Le vote doit être validé formellement mardi 16 mars par le Conseil, l'organe directeur de l'Organisation de coopération et de développement économiques. Le nouveau secrétaire général succédera au Mexicain Angel Gurria, qui a enchaîné trois mandats de cinq ans, et prendra ses fonctions le 1er juin.  La lutte contre le changement climatique, en particulier au moyen de la fiscalité, sera au coeur de son mandat à la tête de ce "club des riches" - les membres de l'OCDE pèsent 60% du PIB mondial - qui s'est ouvert ces dernières années sur l'Amérique latine mais ne compte encore que quatre pays d'Asie et Océanie : la République de Corée, le Japon, l'Australie et la Nouvelle-Zélande.

Fondée en 1948 pour administrer le plan Marshall pour la reconstruction de l'Europe, financé par les États-Unis, l'OCDE a réussi sous le mandat d'Angel Gurria à faire reculer les paradis fiscaux et le secret bancaire, et conduit actuellement de vastes négociations pour réformer la fiscalité des multinationales. Dix candidats étaient sur la ligne de départ il y a six mois, dont deux anciennes commissaires européennes et un proche de l'ancien président Donald Trump, qui a jeté l'éponge après la défaite de ce dernier.

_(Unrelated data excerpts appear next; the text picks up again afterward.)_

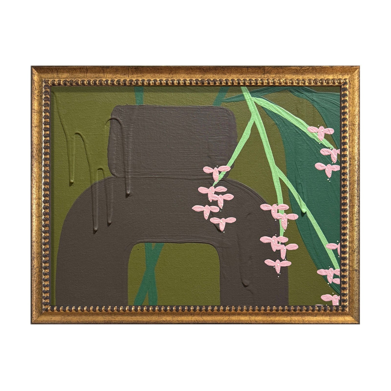 Ron's inspiration for this series comes from his love of how simple shapes can say more than words. Graphic and bold. Each one is hand-painted with heavy strokes of acrylic on canvas board. The colors mix perfectly with the classic wood antiqued gilt gold foil frame and look beautiful standing alone, in a grouping or mixed and matched on a gallery wall. Each frame is finished by hand to look vintage with an aged patina.
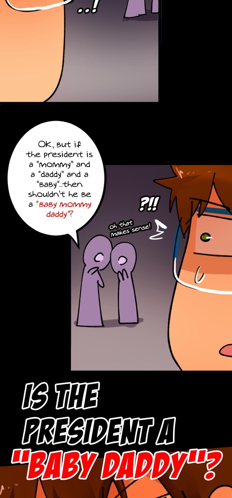 This officially ends the Confrontation Saga! Would anyone buy BABY MOMMY DADDY sweaters if I made any? Also, this saga was so fun to create! Did it accomplish anything? ...I DUNNO. The more important questions are...Has More Chaos been added? YES. Are the readers laughing? I HOPE SO. That's all that matters. Oh also the points... they matter too. See you in the NEXT SAGA
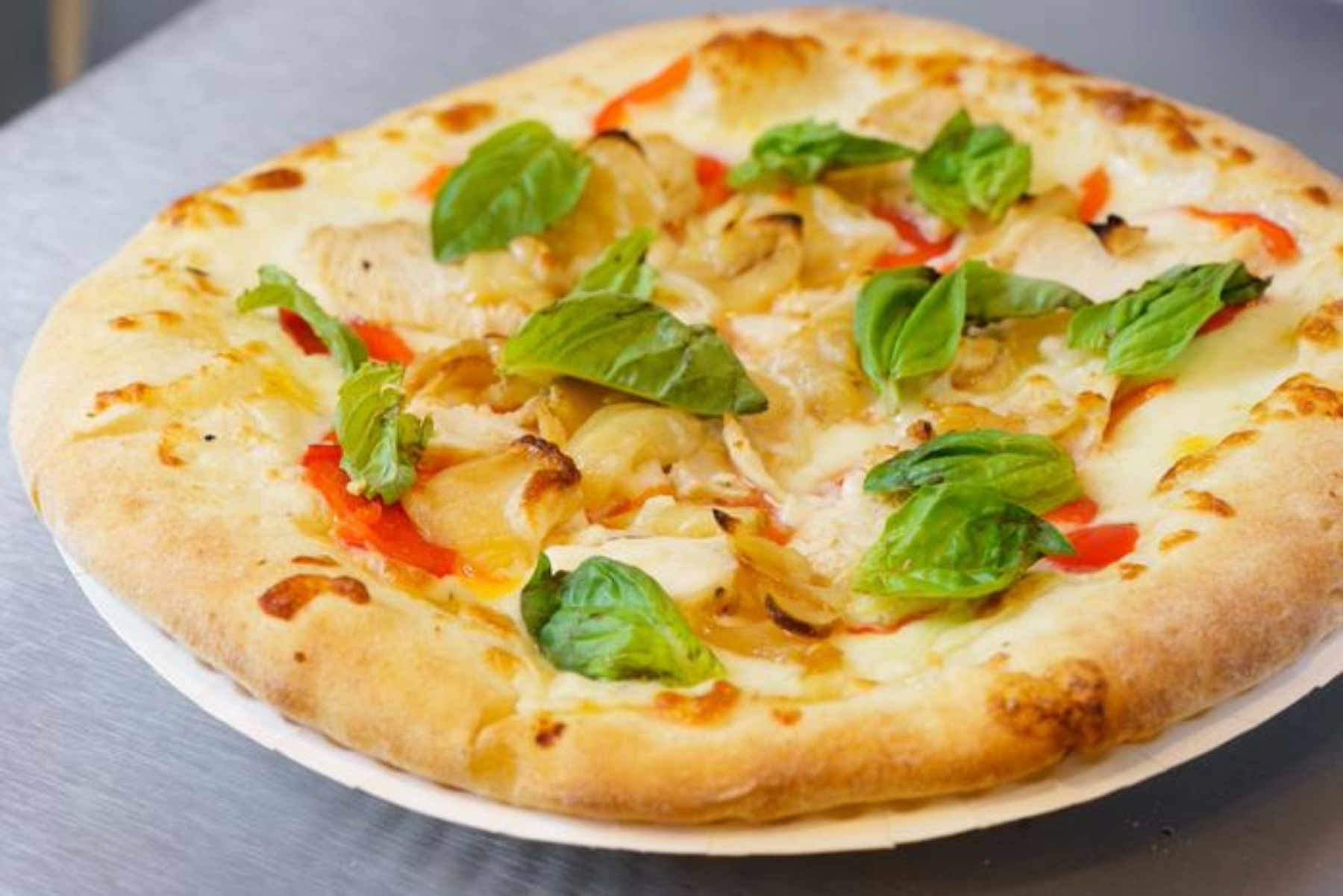 Garlic sauce, grilled chicken, red bell pepper, fresh basil and roasted garlic.
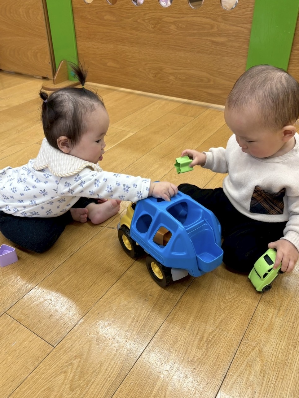 0歳児さんも型はめを楽しんでます。
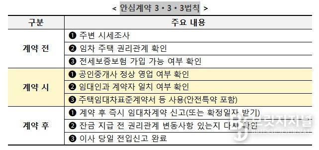 안심계약 3‧3‧3법칙에 따르면, 우선 계약 전 주변 시세를 충분히 조사하고, 등기사항전부증명서(등기부등본) 등을 통해 임차할 주택의 권리관계를 꼼꼼히 확인하며, 전세보증보험 가입이 가능한 집인지 보증사를 통해 문의하는 것이 중요하다는 것을 알 수 있다.
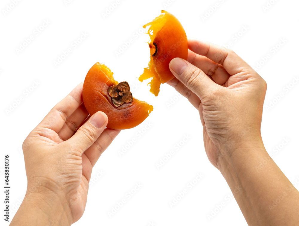 Hands holding Sweet Dried persimmon isolated on white background, Dried persimmon on White Background With clipping path
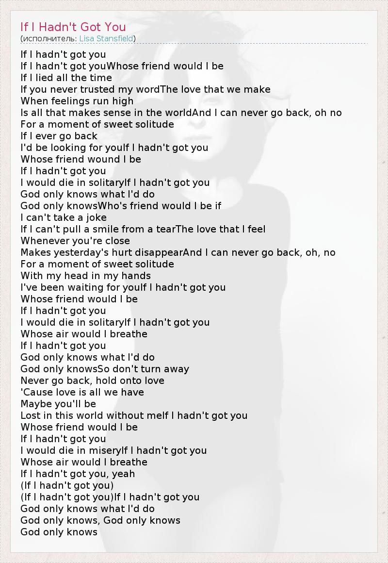 А как ты думаешь, о чем песня "If I Hadn't Got You" ?
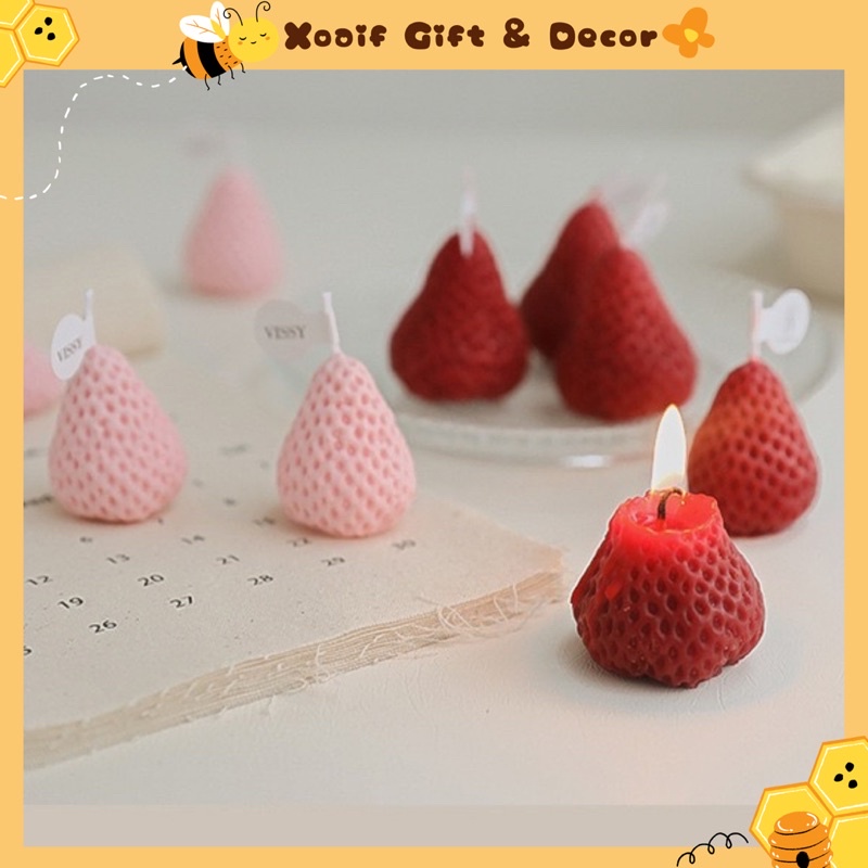 Set 4 nến thơm hình quả dâu tây decor phòng, hương thơm thư giãn - Xoaif.giftdecor

"Il s'agit de la nomination d'un candidat australien au plus haut poste d'un organisme international depuis des décennies", s'est félicité dans un communiqué le Premier ministre australien Scott Morrison. "Au moment où l'économie mondiale se remet du COVID-19, le rôle de l'OCDE dans la politique économique, fiscale et climatique internationale sera plus décisive que jamais", a-t-il souligné.

Des "gages" sur l'environnement

Mathias Cormann partait avec un lourd handicap : un bilan jugé peu flatteur sur l'environnement. Sans attendre l'élection, plusieurs ONG de protection de l'environnement avaient exprimé leur "grande préoccupation" quant à l'éventualité de sa nomination. Dans un communiqué vendredi, l'intéressé a réaffirmé sa détermination à "encourager et promouvoir une action ambitieuse et efficace à l'échelle mondiale en matière de changement climatique afin de parvenir à zéro émission nette dans le monde d'ici 2050".

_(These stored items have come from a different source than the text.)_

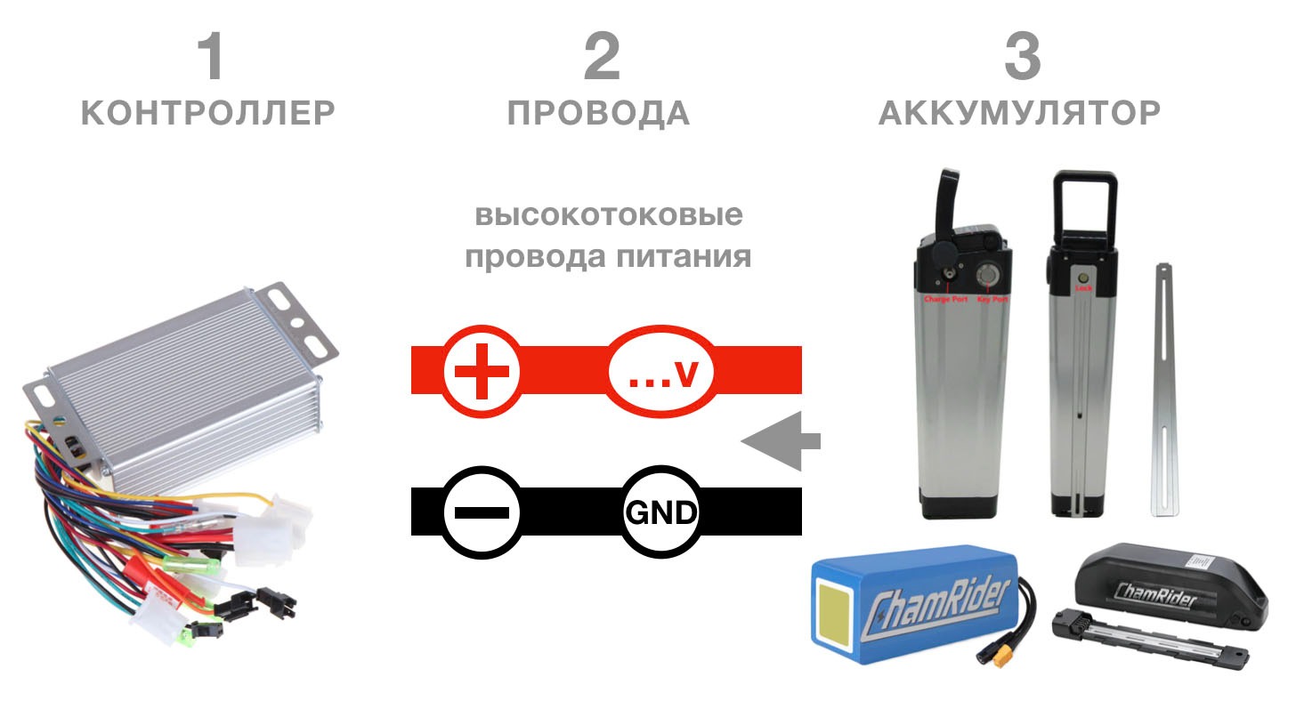🔹 Контроллер. Главное предназначение - обеспечить работу мотора распределяя напряжение и ток от аккумулятора к обмоткам электродвигателя через фазные провода. Может задействовать различные датчики для воздействия на работу электромотора. Обеспечивает нужным напряжением некоторые датчики и принимает сигналы от всех датчиков. Например, датчик ручки тормоза и датчик педалей выдают сигнал для остановки или запуска двигателя, регулируемый датчик скорости меняет обороты мотора, датчик оборотов колеса формирует сигнал для определенияг скорости ЭТ. Выдает нужное напряжение для освещения ЭТ и обеспечивает другие полезные функции. Работает по заложенной программе, которую в некоторых контроллерах можно изменить. Например, ограничить скорость или мощность ЭТ
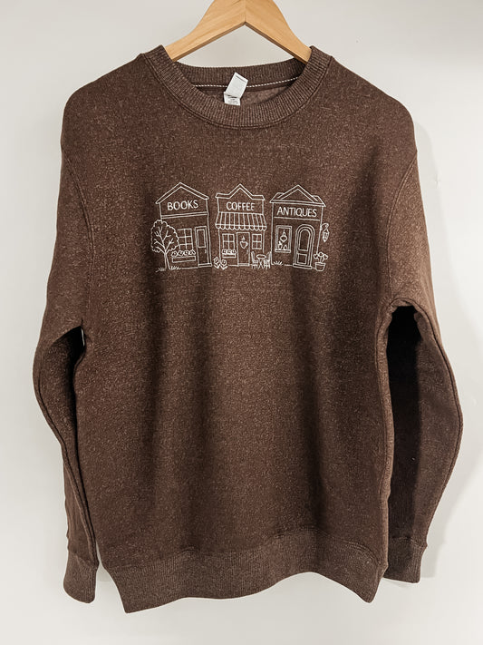 Books, Coffee, and Thrifting, Oh My! Embroidered Crewneck
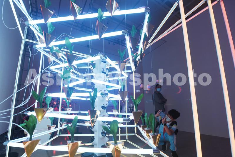 图片说明:2022年6月1日,小观众在浙江美术馆观看中国美术学院2022年毕业展上的多媒体艺术装置《快速生产、快速收获》。

Ce fervent défenseur des bienfaits du libre-échange, né en Belgique, y plaide également pour "finaliser une approche multilatérale de la fiscalité du numérique". Il défend l'idée de "saisir les opportunités et mieux gérer les risques dans l'économie numérique" et de "promouvoir des politiques basées sur le marché et un ordre international fondé sur des règles".

Sur la question climatique, les ONG ont rappelé qu'il avait estimé l'an passé que l'objectif de neutralité carbone était "téméraire et irresponsable" et qu'il avait approuvé, en tant que ministre des Finances, un projet gazier de nature à fortement augmenter les émissions annuelles de gaz à effet de serre de l'Australie. Toutefois, soutenu notamment par les États-Unis, il a su "donner des gages en matière environnementale", a indiqué une source haut placée dans l'organisation. "De toute façon il n'a pas le choix, car l'OCDE doit se positionner sur le changement climatique."

Le choix de Mathias Cormann s'explique aussi "par le fait que l'OCDE a besoin d'être projetée dans l'espace Pacifique qui est la région la plus dynamique du monde avec les problématiques géopolitiques les plus structurantes". Et où la Chine pèse d'un poids écrasant. La politique volontariste de l'Australie face aux mastodontes technologiques américains, au moment où l'OCDE tente d'accoucher d'une réforme de la fiscalité du secteur numérique, aurait aussi pesé en faveur de l'élection de son candidat. Lequel a également, de même source, bénéficié d'un manque de consensus, y compris entre Européens, autour de la candidature de Cécilia Malmström.